Wednesday, October 8, 2014

Big Knives vs Small Axes - A Splitting Tool Continuum Part 2

splitting wood with big knives camp knives jungle machete
Note the height of the kindling pile compared to yesterday.
Yesterday I went out and drove the Kershaw Camp 10 through some seasoned Ash from my wood pile. While I think the limits of each of the tools in this testing session are somewhat obvious, it's nice to use them all at the same time, to do the same tasks, in the same media. This is a splitting test for the sake of splitting for the most part, with no real-world objective in mind. However, while I worked with each of them, I began to think of the original question in a different way. Rather than, can these smaller tools do bigger tool jobs, it's the reverse; can the bigger tools do the small tool jobs? We know that even the biggest knife isn't going to split like an axe. And of course, inevitably, you have to ask yourself just exactly what kind of work you expect your tools to do.
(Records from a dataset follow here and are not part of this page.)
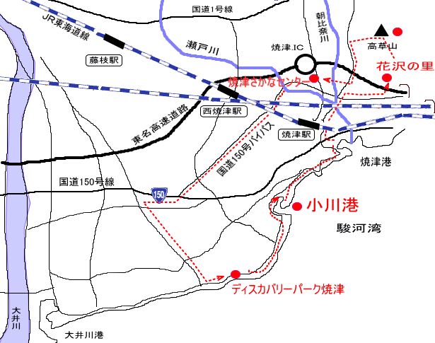 平成23年6月10日(金) 焼津市内をポタリング走行! ディスカバリーパークから高草山経由さかなセンターまで! 9時30分出発〜14時30分:帰宅 ディスカバリーパーク前海岸線⇒花沢の里⇒高草山中腹 ⇒さかなセンター 走行:35km |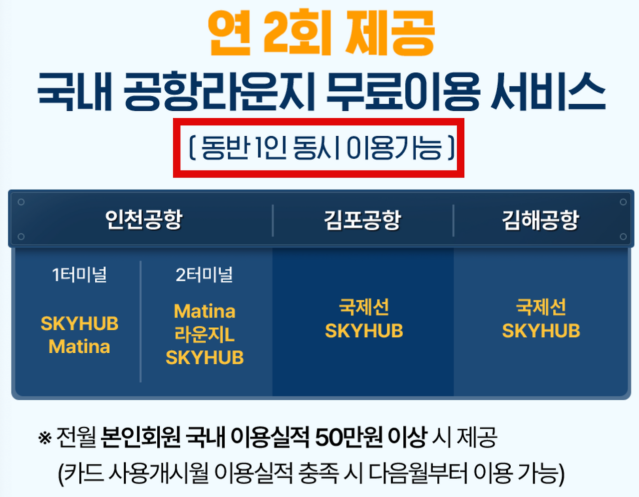보통 라운지 카드면 1년에 2회 정도는 본인만 입장 가능하죠.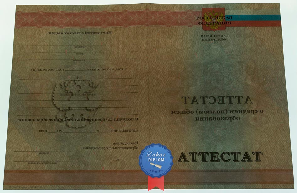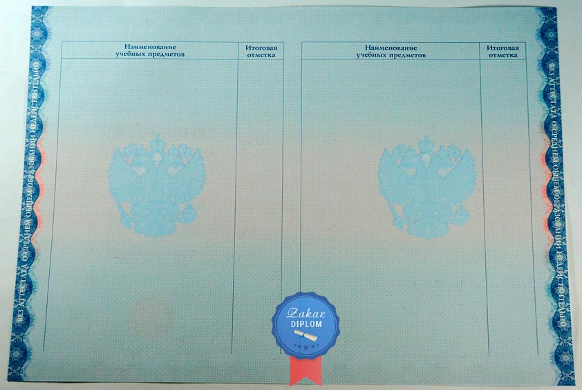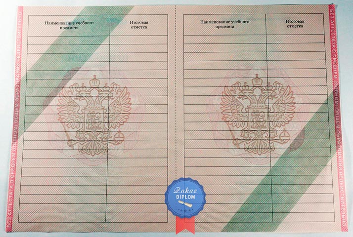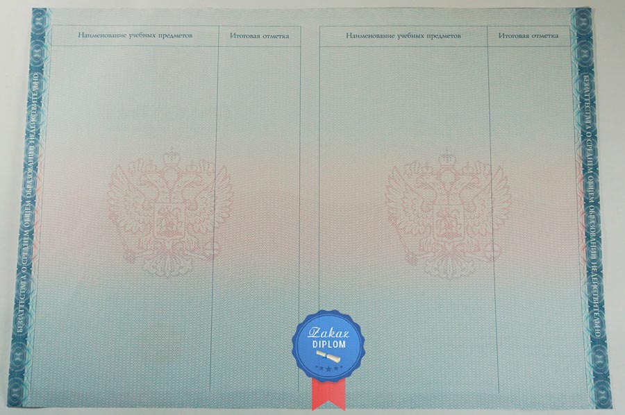 - документы о среднем образовании Российской Федерации. Они выдавались выпускникам 1994-2006 годов. Визуально на бланке можно отметить перемещение герба на разворот слева;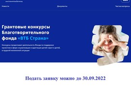 В настоящее время ведется прием заявок на участие в открытом конкурсе Благотворительного фонда «ВТБ-Страна».
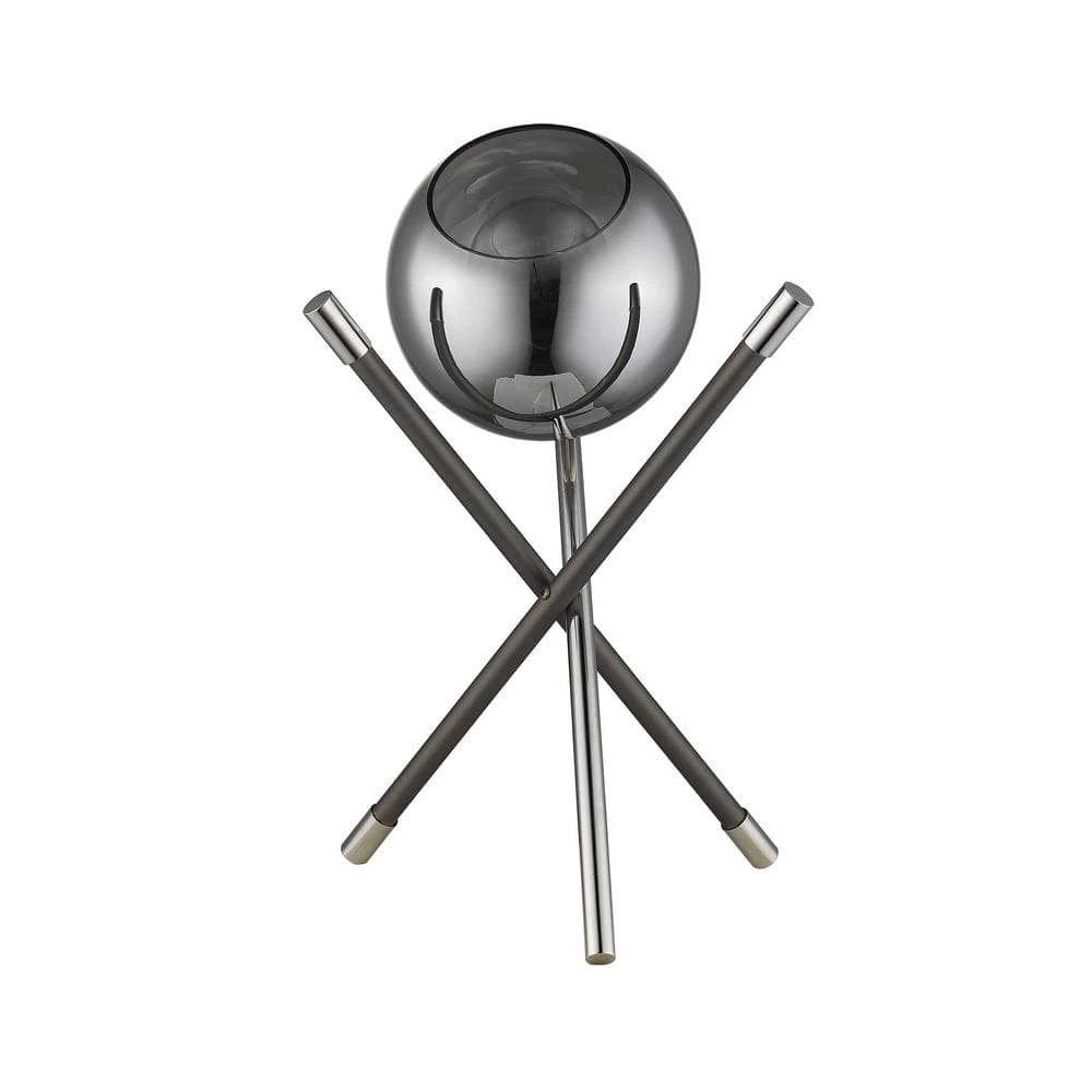 This spunky table lamp will be the perfect addition to any home office or bedroom nightstand. It features a tripod design in a black and polished nickel finish. A single smoked glass globe completes the look.

While the axe might be capable of heavy splitting, will you actually need that capability in your outdoor activities? And if we're interested in value per ounce, then what good is the extra power of an axe if you don't really have any use for it?

So, as I crossed the line from large knife into small axe, the equation flipped simultaneously. There might be an interesting reason for this. Many of you know that the Gransfors Bruk Small Forest Axe is one of the quintessential wilderness tools for a number of reasons. This being a splitting exercise, one of those reasons became apparent very quickly. It splits well beyond its size.
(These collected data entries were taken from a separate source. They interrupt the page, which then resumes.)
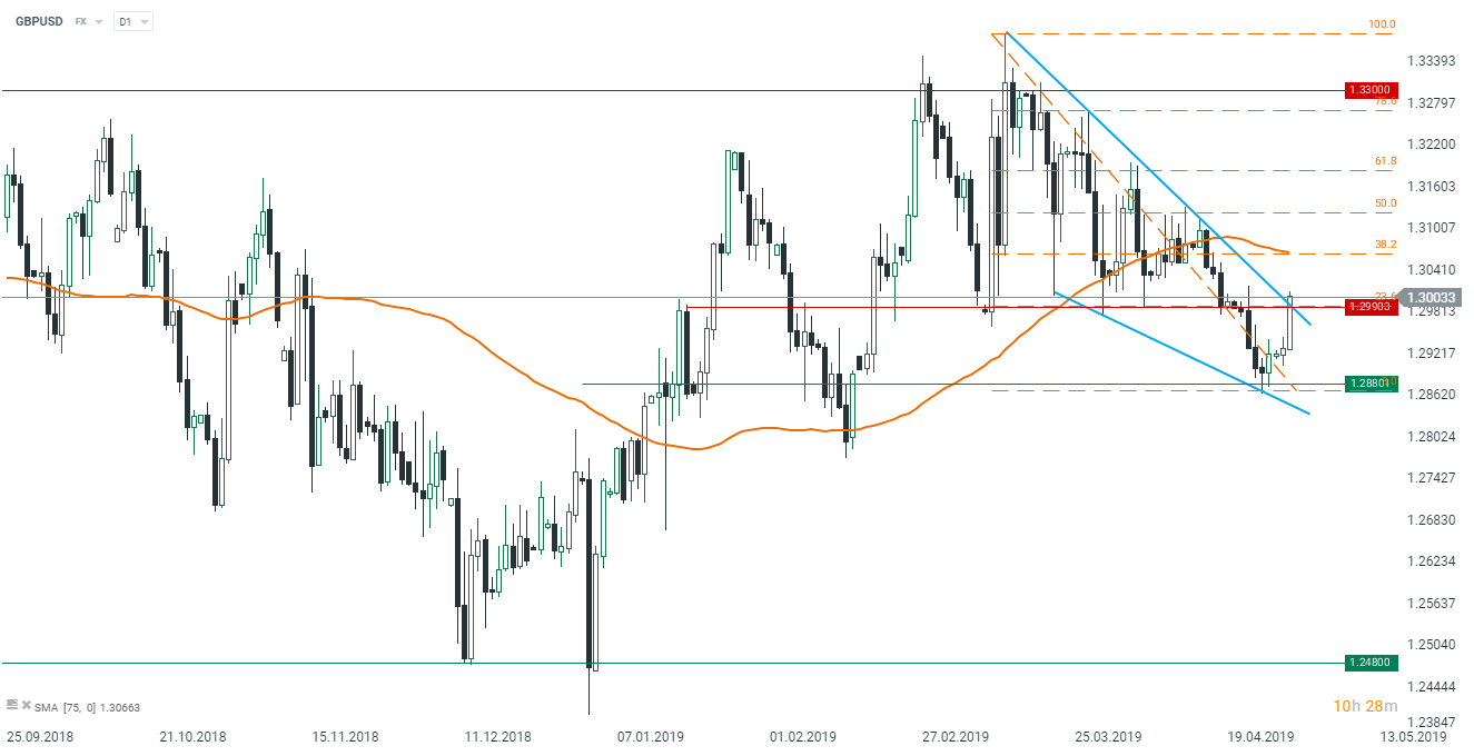 Ve čtvrtek zasedá Bank of England. Přestože se nečeká žádný pohyb sazeb, tak by si banka mohla ponechat jestřábí přístup k dalšímu vývoji měnové politiky. Takový scénář by byl ovšem podřízen hladkému vystoupení Velké Británie z EU (Brexit byl zatím odložen do konce října). Pár GBPUSD se nyní blíží úrovni nad klesajícím trojúhelníkem, ve kterém se v poslední době pohyboval. Tato oblast je také v souladu s důležitou technickou rezistencí na úrovni 1,2990. Pokud se páru podaří dále růst, mohli bychom se v brzké době dočkat až úrovně 50 % Fibo retracementu posledního poklesu. Svoji roli by však ještě předtím mohla hrát úroveň 75 DMA.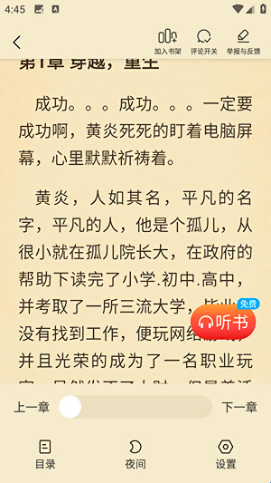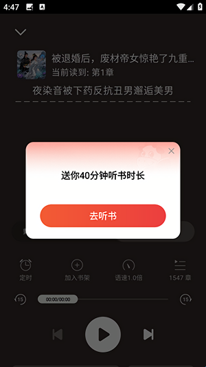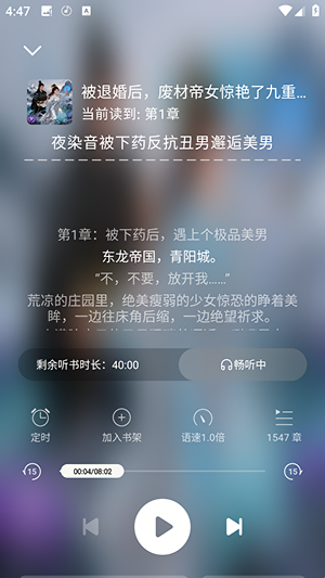 语音朗读功能提供多种声音任你选择,满足你的听书需求,解放双眼,随时随地听小说,海量小说免费听!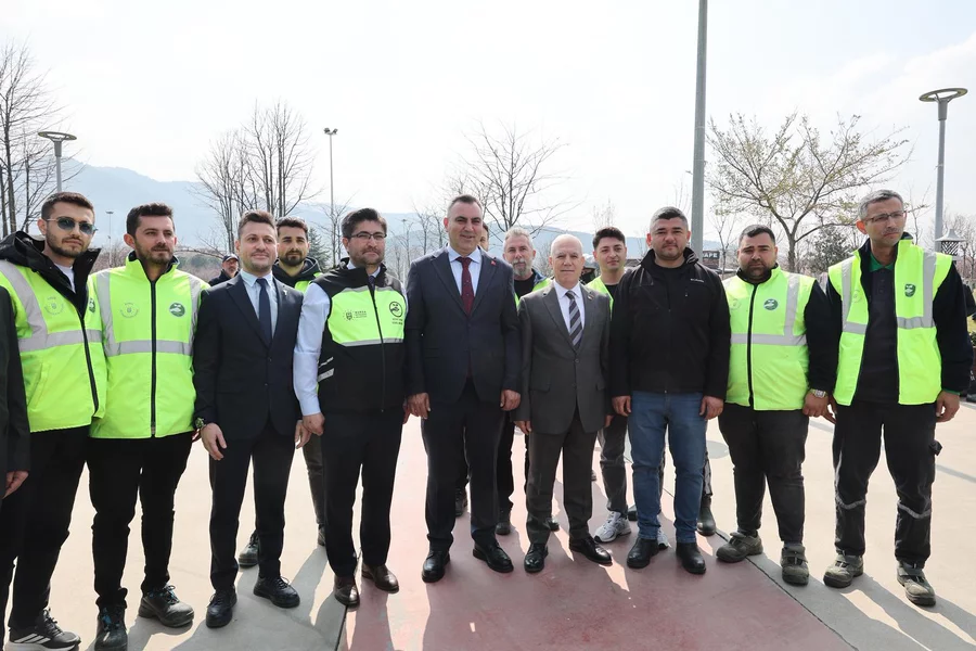 Bursa Büyükşehir Belediye Başkanı Mustafa Bozbey, ilk olarak Hüdavendigar Kent Parkı'nda Tarım Peyzaj AŞ çalışanlarıyla buluştu.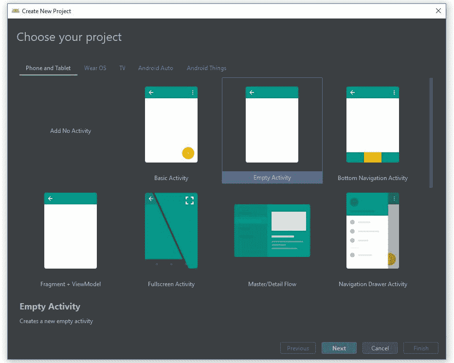 第二步:选择空活动,点击下一步按钮。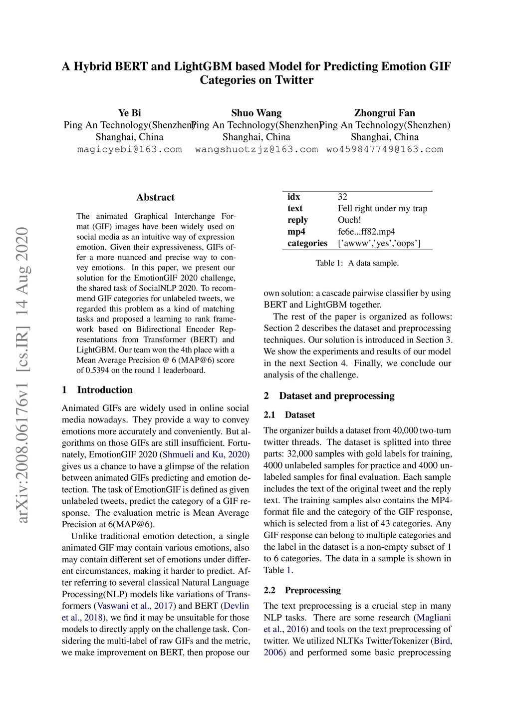 A Hybrid BERT and LightGBM based Model for Predicting Emotion GIF

A single, one-handed blow nearly did the job.
First, let's quickly check out the Aranyik Trading Company E-nep K-1. It brings eight more ounces to the table along with three extra inches, making it 1lb 10oz with a 13 inch blade of slightly thinner stock that tapers toward the tip. Every one of those extra ounces is found in the deep belly where all the work is done. As big knives go, it is a solid rung above the Camp 10. The weight is found substantially further forward and sweeping curves give the user lots of access to effective wrist action. Watch any native person using a tool like the E-nep and you will find that it's all about letting the belly drop with effortless and accurate wrist hinging motion. The people still using these sorts of knives process virtually everything with them, from food to firewood then turn around and use them to make other tools and build their homes. Splitting large chunks of hardwood really doesn't factor into their design and doing so is an injustice to the genius simplicity of the E-nep and knives like it. In an attempt to bring my splitting tool continuum into reality I switched to mostly arm-sized sticks, something a person is likely to encounter in the wilderness and select for the camp fire. I am pushing the capabilities of these tools but choosing the right tool may not be as important as making intelligent wood choices. The E-nep, and in fact the Camp 10 as well, are good workers here. The E-nep brings with it some heft and a heavy belly, tempting the user to deliver mighty one handed blows. Without any sort of real guard the user has a number of hand placement options which are very important to the versatility of the E-nep, including a forward pinch grip.

aranyik e-nep review
Batonning quickly reduced the large chunk above, into this.
My preferred technique for splitting small stuff, and the most effortless, is to hold the wood in one hand, place the blade where the split is to occur, then tap through, moving the wood and blade together. Often I give the wood a thump with the blade just to get things going. Once started, I remove my hand and simply tap the wood and blade as one until the job is done. The axe is used in exactly the same fashion when dealing with kindling and small fuel pieces, so there is no reason to treat the knife differently. In this situation, big knives work nicely and batonning becomes a convenient option, rather than a necessity to getting the job done.

wood splitting comparison
I switched to more realistic sized chunks and reduced them from large on the right, to kindling on the left. Compare the the height of my kindling pile in the background of this image to the one at the top when today's session was done.
Gnarly wood yields to the mighty E-nep!

I think the handle of the E-nep is just a bit small in diameter and with the exposed tang, it feels like more shock from batonning is transferred to the user. It came with a relatively steep convex grind and strictly speaking, there is no defined primary bevel on this blade. Or maybe it is more appropriate to say that it has a convex zero grind - it has only one bevel. I believe that the flat primary bevel on the Camp 10 lends itself to wedging and the over-molded rubber handle backs it up to reduce vibrations. On the other hand, the E-nep bites so hard and cuts so well that the opposite is true when it's delivered single-handed. It's not tiresome, aside from its weight, to swing like a machete.